> _Task goal_
From top to bottom, print the listing word for word and skip any pictures it contains.

> _Provided data_
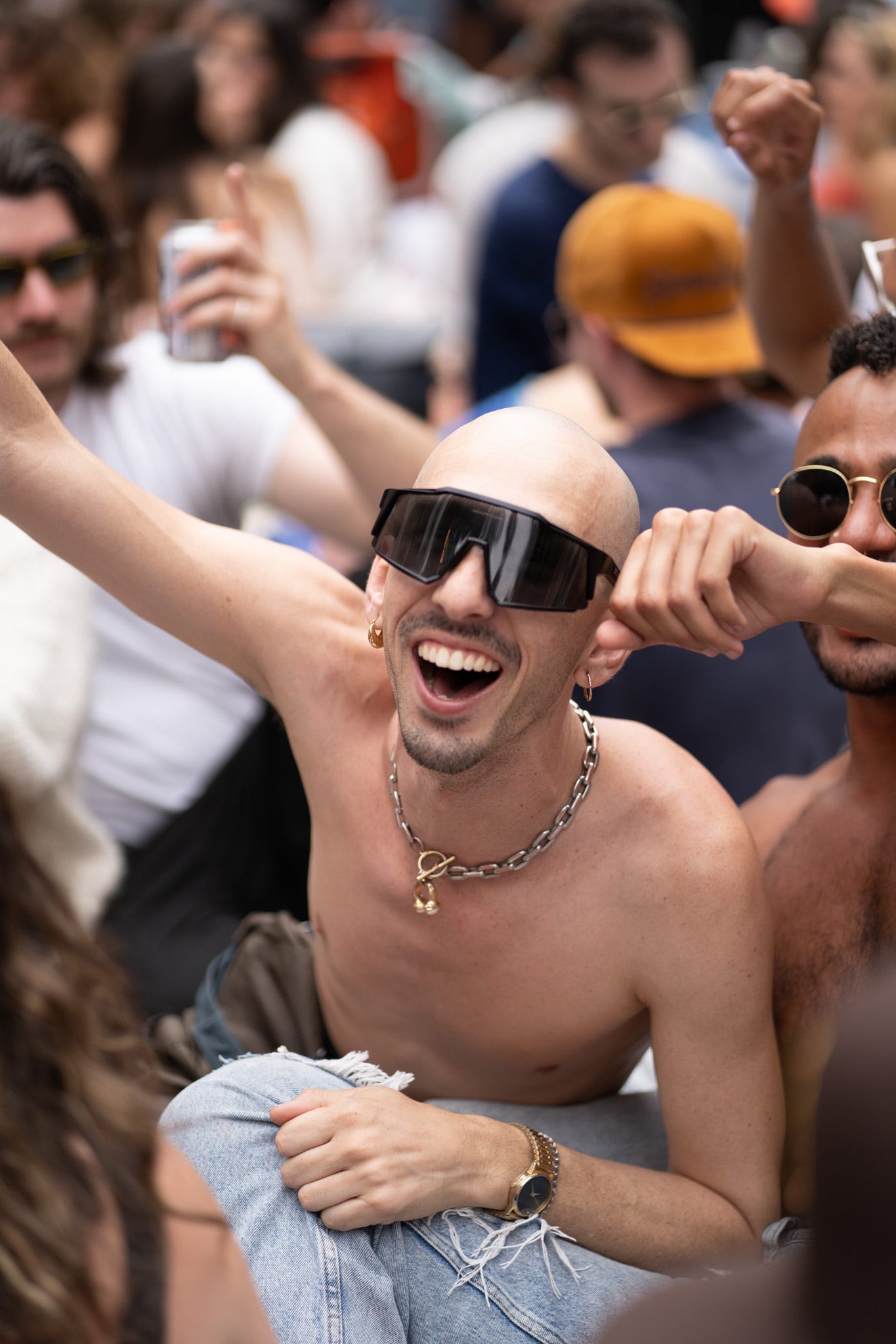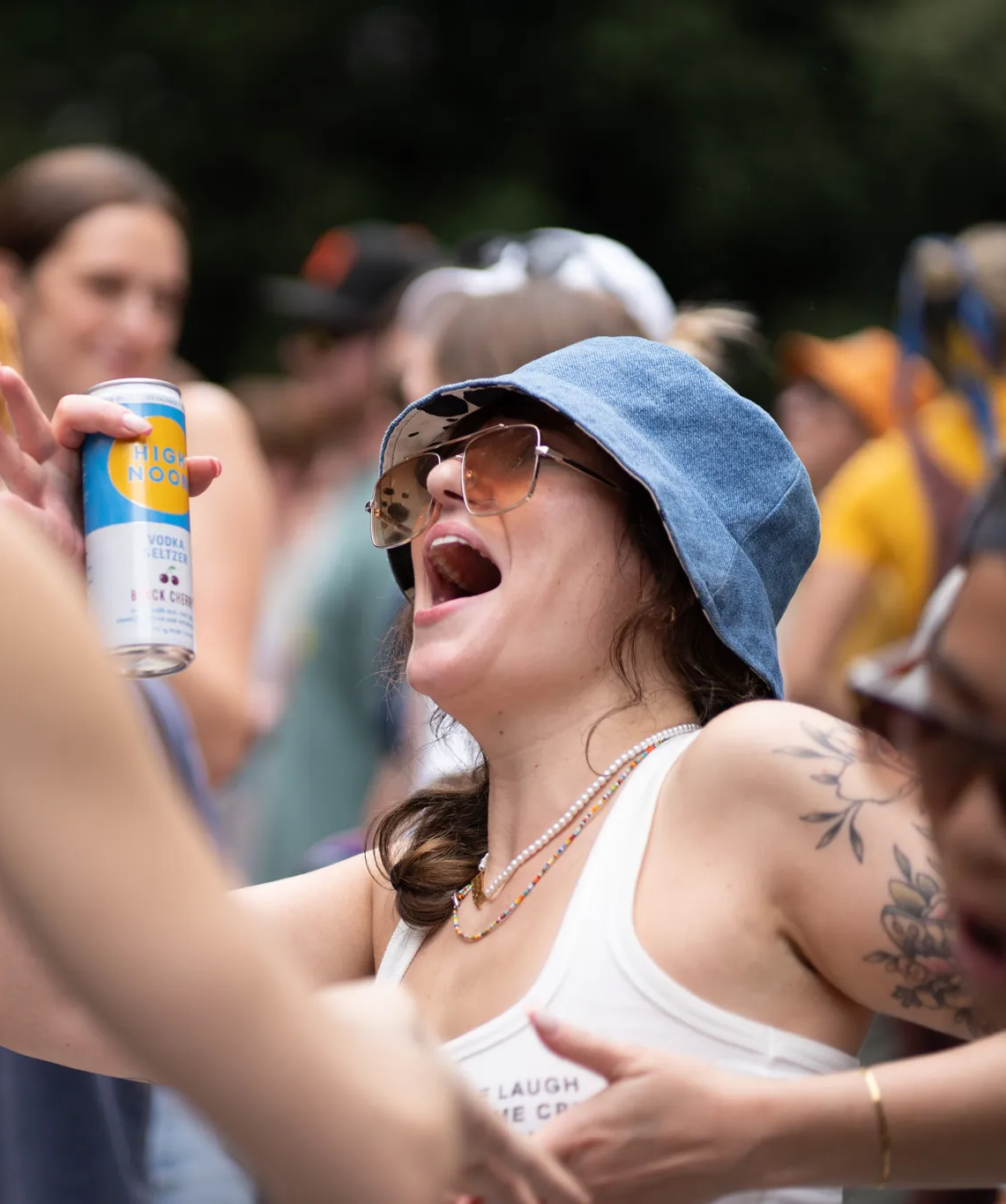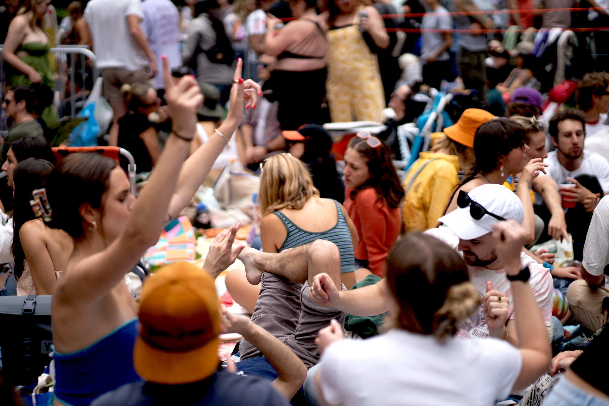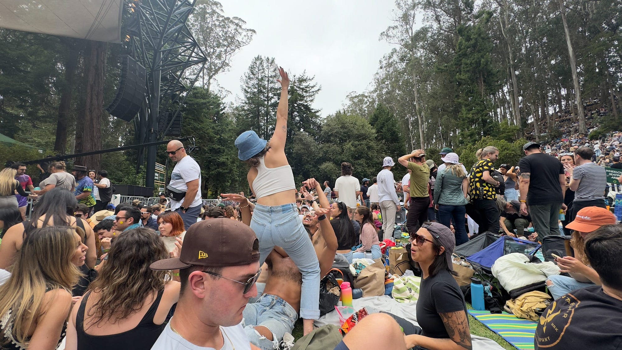 This concert was much more crowded than the Franc Moody one that I went to a few weeks back. Even at 1:00 there was no space on the flat part in front of the stage so we had to do a little hiking, which really was not what I wanted to be doing at this point in the trip. We found the flatest part that we could — only about a 60-degree angle. We posted up leaning on each other to minimize the sliding of our butts. I didn’t love this seating situation and I also decided there was no way for me to get to the bathroom under these conditions if I needed it. I wasn’t stable enough at this point to do that climb again.
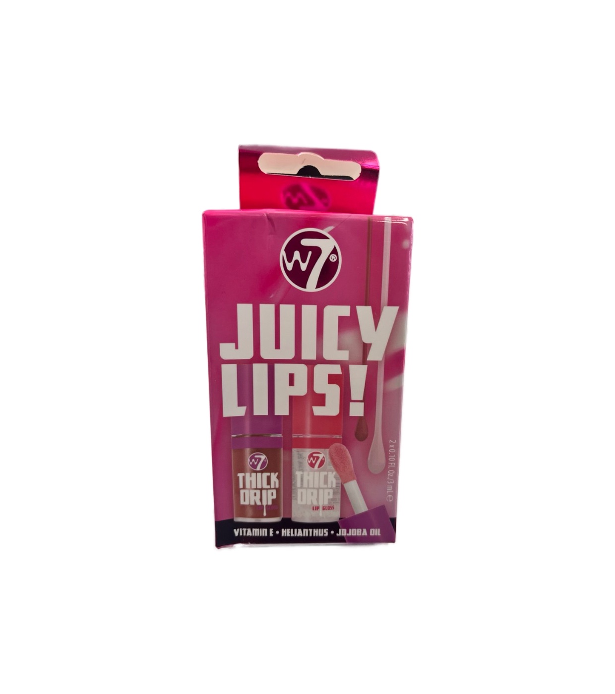 Give your lips a juicy and hydrated finish with the W7 Juicy Lips Set , a pack of 2 Thick Drip glosses that provide intense shine, softness and an irresistible volume effect.
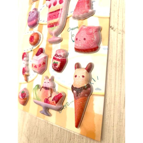 こちらはパフェやスイーツに扮したウサギさんたちをフィーチャーした、ぷっくりやわらかマシュマロシール。

> _Task answer_
 This concert was much more crowded than the Franc Moody one that I went to a few weeks back. Even at 1:00 there was no space on the flat part in front of the stage so we had to do a little hiking, which really was not what I wanted to be doing at this point in the trip. We found the flatest part that we could — only about a 60-degree angle. We posted up leaning on each other to minimize the sliding of our butts. I didn’t love this seating situation and I also decided there was no way for me to get to the bathroom under these conditions if I needed it. I wasn’t stable enough at this point to do that climb again.
 Give your lips a juicy and hydrated finish with the W7 Juicy Lips Set , a pack of 2 Thick Drip glosses that provide intense shine, softness and an irresistible volume effect.
 こちらはパフェやスイーツに扮したウサギさんたちをフィーチャーした、ぷっくりやわらかマシュマロシール。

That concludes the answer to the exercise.